Claudia Villela’s voice gets all the attention, and it’s easy to understand why. Her glorious five-octave instrument is one of the wonders of jazz, lithe and startlingly beautiful in every register. Born and raised in Rio de Janeiro, she is a supremely inventive scat singer with a vivid vocabulary of sounds, an aural conjurer who can evoke the hollow thump of a tabla drum, the muted trumpet of Miles Davis, the insistent twang of a berimbau, the ethereal call of a flute, or the distortion-laden licks of Jimi Hendrix. But it’s a serious mistake to let her gorgeous voice overshadow her other musical talents.
Based in Northern California since the mid-1980s, Villela has evolved into an expressive pianist and percussionist and an ingenious composer and lyricist with an astonishing body of original material, as well as a repertoire of jewels from the Brazilian songbook.Whether writing at the piano or generating spontaneous tunes in the studio, as on her lavishly praised 2004 duo session with piano legend Kenny Werner, “DreamTales” (Adventure Music), Villela possesses a rare gift for melodic invention, coupled with a rhythmic sensibility steeped in Brazil’s vast treasury of syncopation.
While once described as the best-kept Brazilian secret in North America, Villela finally attained widespread recognition with the 2003 release of her masterpiece “InverseUniverse” (Adventure Music), a program of dazzling original pieces created with her longtime collaborator, Rio-born guitarist Ricardo Peixoto, who will be joining her on stage for this gig. The exquisite harmonica contributions of guest star Toots Thielemans fulfilled Villela’s ambition of working with jazz’s foremost aficionado of Brazilian music.
In recent years, Villela’s international reputation as a performer and composer has continued to grow through appearances at the world’s most prestigious jazz festivals and clubs. In the fall of 2008, she received a high profile commission from New York University commissioned to set poems by several Latin American poets to music. Her performance with acclaimed Brazilian singer and composer Dori Caymmi was broadcast nationally as part of National Public Radio’s “JazzSet.” In addition to Peixoto, her band for this performance includes Gary Brown and Paul Vanwanagagen.
with Ted Moore and Pamela Driggs
“Pamela’s voice is a remarkable instrument, defining the bittersweet edge of the Brazilian style with deft perfection.”
When vocalist Pamela Driggs fell in love with Brazilian music, she decided to go right to the source, Salvador, the capital of Bahia, the state known as the heart of Afro-Brazilian culture. After honing her command of Portuguese and deepening her knowledge of Brazil’s countless melodies and rhythms, she returned to the States and founded the Brazilian jazz group Brasilia with composer/drummer Ted Moore, who followed a similar path.
Now director of UC Berkeley’s Jazz Department, Moore lived in Rio for two years, serving as percussionist with the Brazilian Symphony Orchestra while also performing with many top-flight Brazilian jazz artists.
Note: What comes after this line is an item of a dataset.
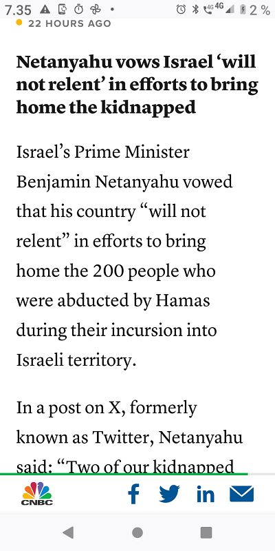 Sanomanetti - Sunnuntai 22.10.2023. cnbc.com/2023/10/21/israel-hamas-war-updates FRI, OCT 20 2023 2:04 PM EDT FRI, OCT 20 2023 2:04 PM EDT --- 21 HOURS AGO >>> --- Torstai 19.10.2023. Arvaa ketkä tai mitkä? SELVIÄVÄT? - METSÄT, RAAKA- AINEET, TALOUS Perjantaina 20.10.2023 klo 18-19 Jämsä, Kahvila-ravintola Akuliina Lauantaina 21.10.2023 klo 10.30-11.30 Konnevesi, Ravintola Mierontie Ravintola Sun Toive klo 14-15 Toivakka, Kahvitarjoilu. TERVETULOA! renew Vastaus täällä! - 20 vuotta sitten. 16.10.2003. Pääkirjoitus. Ylen tv-uutiset valehteli ministerin puheenvuoron! - 20 vuotta sitten. Muut lehdet. Valtio ryssi itse Fortumin Oilin. Taloussanomat. Kolumni. Tapani Pitzen. - 20 vuotta sitten. Viikon kuva. "Nykyaikaista taidepolitiikkaa". Pertti Manninen. --- Tiistai 17.10.2023. Asunnottomien yö 17.10. Arkistosta vuodelta 2005. - Maanantaina 17.10.2005 klo 08:50 Ylen radion aamulähetyksessä puhutaan asunnottomuudesta. Johdanto ja osa alkupuheenvuorosta puuttuu. Muitakin uutisia lopuksi. - Henkilöt esiintymisjärjestyksessä: Nainen: Kati, mies: Reijo, toimittaja: Kari Mäenpää, Ekokolon hoitaja: Markku Heino, Asunnottomien yö-kansalaisliikkeen organisaattori: Antti Honkonen, studiotoimittaja: Petri Kejonen ja kuuluttaja: Maaria Seppänen. Ääninauhalta purkanut Pertti Manninen, Nettisanomat, oikeinkuulemisvarauksin. Kuvat: Ruskea perhonen. Ruusut kukkivat, marjat punertavat ja lehdet vihertävät. --- Maanantai 16.10.2023. Tuuli käy heidän ylitseen. Martti Ahtisaari 1937- 2023. - Google-haku maanantaina 6.10.2023 14:47. Kuvat: Pertti Manninen. - Sunnuntaina 8.10.2023 täällä sivuilla etusivu - v20 - v24. 2008. Rauhanpalkinto 2008. Martti Ahtisaari. Nobelisti mielii yhä Natoon. Lue! 2008. Pääkirjoitus sunnuntaina 12.10.2008. Rauhanpalkintokaan ei rauhoittanut: Martti Ahtisaari haluaa yhä ydinaseita Suomeen. Lue! 2008. Ahtisaari: Suomi tarvitsee Nato-jäsenyyttä. Lue! 2008. Albaaaniperheelle Ahtisaari on rauhantekijä. Lue! 2003. Ahtisaari ei kaipaa todisteita. Lue! 2003. Ahtisaari vaatii puuttumista diktatuureihin. Lue! 25.09.2003. Pääkirjoitus. Uskaltaako Ahtisaari, USA:n juoksupoika mennä Bagdadiin? Lue! 2004. Turkki. Ahtisaari asialla: Kurdit myytävänä. Lue! 1999. Soitellen sotahan: tuho, jonka tahdoimme? Lue! --- Sunnuntai 15.10.2023. Kuvat MTV:n Kymmenen Uutisista 15.10.2023 22:01- 22:03. Gazassa ja Israelissa kuollut yhteensä jo 3750 ihmistä. Kuvat: Pertti Manninen. Sunnuntai 15.10.2023. JATKUU --- Tiistai 10.10.2023. Aleksis Kiven päivä 10.10. "Makeasti oravainen makaa sammalhuoneessansa." Kuva. - Kolme lippua liehuu Kirkkonummen uimahallilla kirjavan koulu taustanaan. Uusimaa. Kirkkonummi. Gesterbyntie. Tiistai 10.10.2023 13:36. Pertti Manninen. - Aleksis Kiven palkinto kirjailija Rosa Liksomille. --- Sunnuntai 8.10.2023. Rauhanpalkinto 2008. Martti Ahtisaari Lue! Rauhanpalkinto 2009. Barack Obama Lue! Rauhanpalkinto 2023. Narges Mohammadi Lue! --- Lauantai 7.10.2023. Rauhanpalkinto 2023. Nobelin rauhanpalkinto iranilaiselle naisten oikeuksien puolustajalle. Palkittu Narges Mohammadi on parhaillaan vangittuna Iranissa. Lehtien sivut perjantaina 6.10.2023 15:54- 16:07. --- Perjantai 6.10.2023. 20 vuotta sitten 25.9.2003. Moe haluatko miljönääriksi ohjelman juontajana. By Matti Reijonen Moe 20 vuotta sitten: 2.10.2023 - 3.10.2023 - 4.10.2023 - 5.10.2023 - 6.10.2023 - --- 20 vuotta sitten 2.10.2003. Pääkirjoitus. Puhetta. "Hyvät maanmiehet, tilanne on vakava. - Pääkirjoituksia. Linkit --- Sunnuntai 1.10.2023. Kurjet lentävät. Uusimaa. Kirkkonummi. Lapinkylä. Kuva Pertti Manninen. --- Lauantai 30.9.2023. Nettisanomat lauantai 2006-11-11. Aivoina Björn Wahlroos ja Ahti Hirvonen Lue! --- Veropakolainen Björn Wahlroos vuosien varrelta. Juoksupojasta pomoksi. --- Keskiviikkona 27.9.2023. Päivälleen 24 vuotta sitten: Katujuopottelu kuriin Helsingissä! Viina virtaa vain aidan sisäpuolella? Lue! - 24 vuotta sitten: torstaina elokuun 12. päivänä 1999 Köyhät opiskelijat, painukaa helvettiin! Ben Zyskowicz. Vertti Kiukas. Janne Virkkunen. ---Tiistaina 26.9.2023. Lähtöä odottaen. Joutsenet pellolla. Uusimaa. Kirkkonummi. Lapinkylä. Maanantai 25.9.2024 15:33. Kuva Pertti Manninen. - Kommentti: Orpo ja Purra yrittävät tökeröä taloustemppua, jolla Reagan ja Thatcherkin saivat aikaan mittavaa vahinkoa. Lue! Kommentti. Jan Hurri. --- Sunnuntaina 24.9.2023. Syksyn lehdet metsäojassa. Uusimaa. Kirkkonummi. Lapinkylä. Sunnuntai 24.9.2024 15:18. Kuva Pertti Manninen. - Näin paljon korkeakoulu- opiskelijoiden talous on heikentynyt: Yliopistoja valtaavien opiskelijoiden huoli on aito. Uusi Suomi. Kommentti. Sonja Mänty. Lue! --- Perjantaina 22.9.2023. Ajankohtaista narutusta? Narutusta Mansessa 2023 Narutusta Moskovassa 2022. - Keskiviikkona 20.9.2023. KALTSIN KALTSIT Valokuvaaja Aulis Nyqvist. - HS: Kirjailija Torsti Lehtinen kuollut - Keskiviikkona 20.9.2023. Niinistön sanoja ja puheita tulkitaan ja ihmetellään. Ilta-Sanomat tiistai 19.9.2023 --- Maanantaina 18.9.2023. Luottamusta. Ulkomaat Niinistö Putin HS 17.9. - Trump Putin Iltalehti 17.9. - Erdogan Ilta-Sanomat 16.9. - Ardern Støre Marin Trudeau HS 17.9.2023. Kotimaa Orpo Iltalehti 15.9. - Orpo Nettisanomat 20.6. Kuvasarja. - Orpo HS 15.9. - Orpo HS 15.9.2023. Luottamusta. --- Sunnuntaina 17.9.2023. Varrella viikon. Luontokuvia. Maanantaina 11.9.2023. ... Kurjet torstaina 14.9.2023 09:31. Uusimaa. Kirkkonummi. Lapinkylä. ---- Tiistaina 12.9.2023. Teuvo Suomisen vaikuttavat kuvat. --- Maanantaina 11.9.2023. Henrik Meinander: Itseään kunnioittava kansakunta ei siivoa historiaansa katukuvasta. HS Mielipide. 9.9.2023. Lue! --- Sunnuntaina 10.9.2023. Arkisto 2005. Tulossa? 19.03.2005. George W. Bush ja Tony Blair sekä Saddam kahleissa. - Leif Salmén. Kolumni. Taas raha puhuu. Iltalehti keskiviikkona 13.4.2005. --- Perjantaina 8.9.2023. Sanna Marin paholaisen palkkalistoille Pääkirjoitus. Perjantai 8.9.2023 20:01 Kuva. --- Torstaina 7.9.2023. Arkistokuvat: Helsinki 1952: "Jen

Joining forces with Driggs, they released “River Wide” (Kokopelli), which received rapturous critical praise. Driggs made her solo debut with 2000’s “Midnight Sun” (Aosis), a buoyant session featuring American standards, Brazilian classics, pop originals and bossa nova gems. She recorded her Aosis follow up, 2002’s “Itacuruçá,” in Rio with the city’s best jazz musicians.
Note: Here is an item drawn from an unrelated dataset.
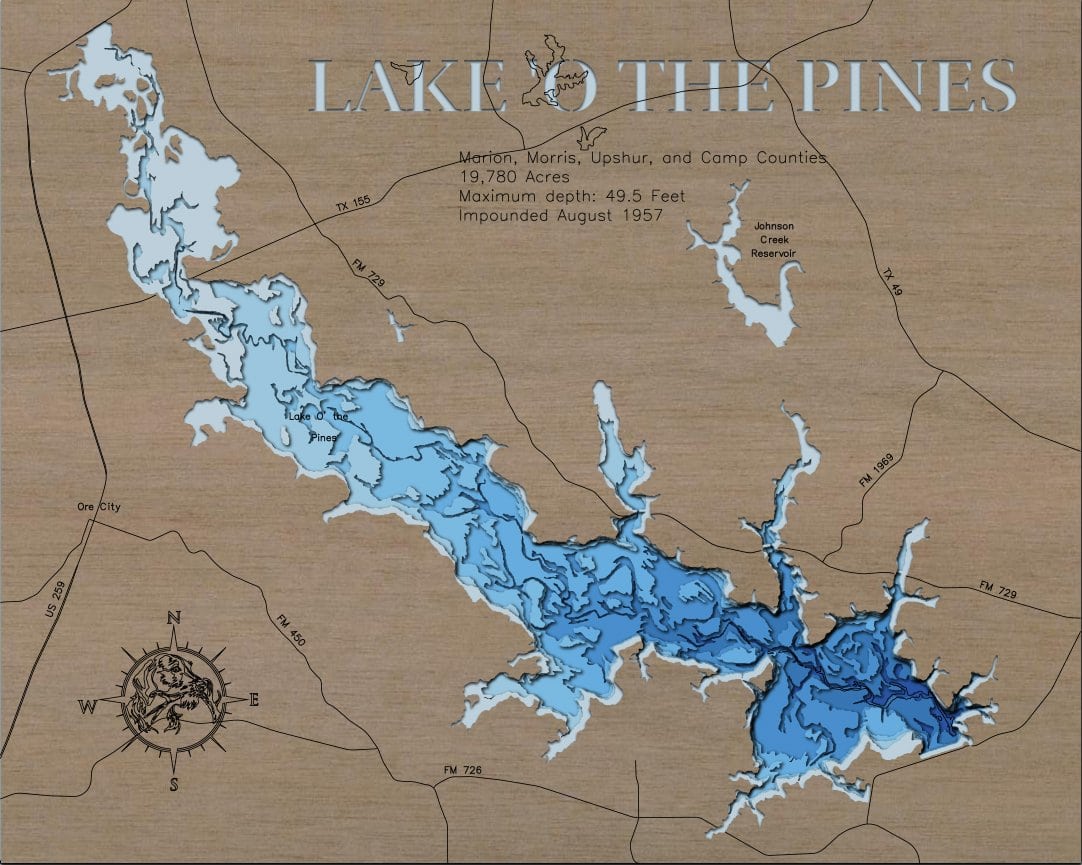 Lake ‘O the Pines, TX 3D Wooden Map | Framed Topographic Wood Chart

Over the past decade she’s performed and recorded with a stellar roster of artists, including Sadao Watanabe, Herbie Mann, Nana Vasconcelos, Cesar Camargo Mariano, and Cyro Baptista. The latest incarnation of Brasilia includes bassist Gary Brown, who’s toured and recorded extensively with Flora Purim and Airto, and Driggs’ husband Romero Lubambo, the remarkable Brazilian jazz guitarist sought after by vocalists such as Dianne Reeves, Leny Andrade, Jane Monheit, and Luciana Souza for his consummate skills as an accompanist.